Déstructuré, le texte préenregistré livré d’un bout à l’autre à travers la voix de Young devient matière musicale rythmant les déplacements saccadés des cinq danseurs au vocabulaire expressionniste et théâtral. S’illustre ici la faillite du langage du traumatisé, tandis que s’enchaînent par intermittence des moments de claquettes à l’unisson, des numéros de cha-cha-cha à plume rose bonbon et des chants de type comédie musicale apportant là une savoureuse touche d’humour noir dans ce paysage mental de désolation. On vogue ainsi à travers la conscience fragmentée, les syndromes de dissociation, les hauts et les bas hallucinés d’un être aux prises avec sa dépendance.

Sortie de secours

La force du deuxième acte, plus ancré dans la danse que le premier, repose sur la traduction de cette impossible quiétude de l’esprit à travers les corps. Mention spéciale à Tiffany Tregarthen, terrifiante en clown macabre aux mouvements arachnéens, et à Jermaine Spivey pour ses solos incarnés et ses duos avec Young — l’acteur s’intégrant très habilement parmi les danseurs.
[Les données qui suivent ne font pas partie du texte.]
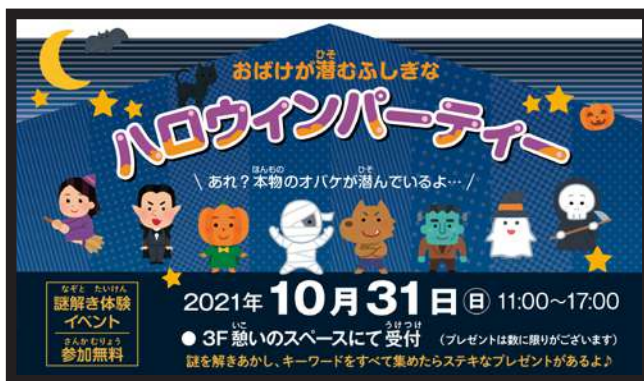
●「ハロウィンパーティー」イベントの告知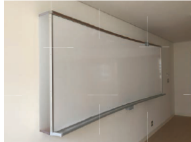
曲面黒板・ホワイトボード 曲面により反射光を抑えて黒板が見やすい。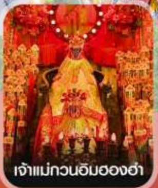
เจ้าแม่กวนอิมของฮำ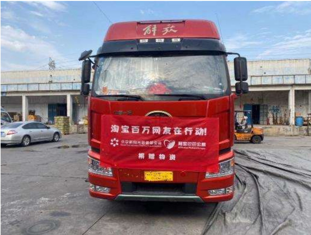
运送消毒机的物流车准备出发前往武汉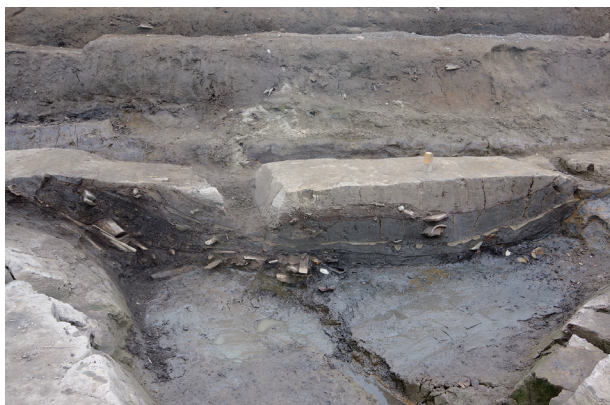
4 第 517 号土壤断面 (1)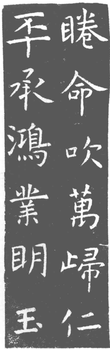
虞世南《夫子庙堂碑》

Prenant finalement le dessus sur les mots, c’est le mouvement, véhicule des émotions, qui se trouve souverain dans Betroffenheit. On reconnaîtra la signature singulière de Pite avec ses chaînes humaines élastiques et ce fin travail de groupe où un individu se trouve propulsé dans les airs, tiraillé et ballotté jusqu’au sol. D’une grande virtuosité, la danse oscille entre frénésie et stop-motion – procédé très photographique –, tandis que Young et les danseurs sont en quête d’une sortie de secours. Au fur et à mesure que le personnage confronte et dépasse son sentiment de culpabilité (« I’m not the victim / You’re the disaster waiting to happen ») se dessine une possible voie vers la guérison.
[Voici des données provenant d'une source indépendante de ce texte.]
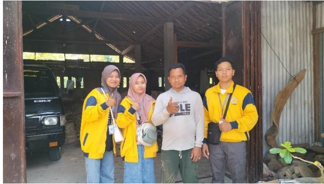
Gambar 3. 16 Berkunjung ke Produksi Kerajinan Tunggak Kayu

Melalui program ini, kelompok KKN melakukan pendampingan kepada pelaku UMKM dalam memperkenalkan produk lokal dengan memanfaatkan teknologi digital. Strategi yang dilakukan meliputi pembuatan desain promosi, serta produksi konten foto dan video produk. Selain itu, pelaku UMKM juga

Excellent tandem que forment Pite et Young, qui conjuguent leurs langages respectifs avec une habileté qu’il est très rare de voir dans le registre spectaculaire. Incontournable!

 

Betroffenheit
De Crystal Pite (Kidd Pivot) et Jonathon Young (Electric Company Theatre Vancouver) avec Christopher Hernandez, David Raymond, Cindy Salgado, Jermaine Spivey, Tiffany Tregarthen et Jonathon Young. Présenté dans le cadre du FTA au Centre Pierre-Péladeau jusqu’au 7 juin.